Анна стояла не двигаясь, с опущенным взором. Значит, шаг, на который она решилась с таким трудом, оказался напрасным. Раймонд остался, и грозившая ему опасность также не исчезла. Перед охватившим Анну ужасом все другие чувства отступили на второй план. Да, она добилась того, что, будучи проклят и осужден, Раймонд снова вступил в жизнь, но какой ценой!
Дверь снова отворилась, и на пороге показался Пауль Верденфельс.

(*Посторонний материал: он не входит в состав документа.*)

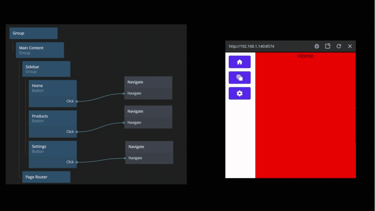 In this guide you will be introduced to the Page Router, the Page and the Navigate node to create a simple UI where you can navigate between pages. You will learn how to navigate both by interacting with the UI or by entering URLs directly in the browser.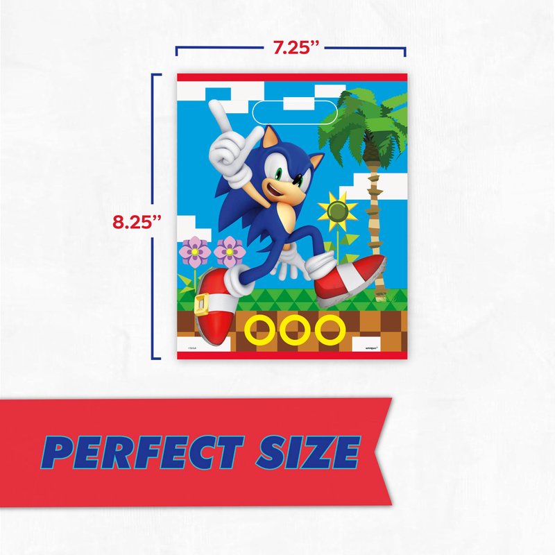 - Perfectly sized, these Sonic party bags measure 7.25 inches by 8.25 inches.

— Мой дядя собирается уезжать, — сказал он с вежливым поклоном, в котором чувствовалась какая-то отчужденность, — и я хотел проститься с вами.
Анна взглянула на него, и в ее голове вдруг созрело решение. Она жестом пригласила молодого человека войти и произнесла:
— Господин Верденфельс, прошу вас, войдите на несколько минут.
Пауль повиновался, и его взор с тревогой устремился на молодую женщину: он увидел, как она бледна и взволнована.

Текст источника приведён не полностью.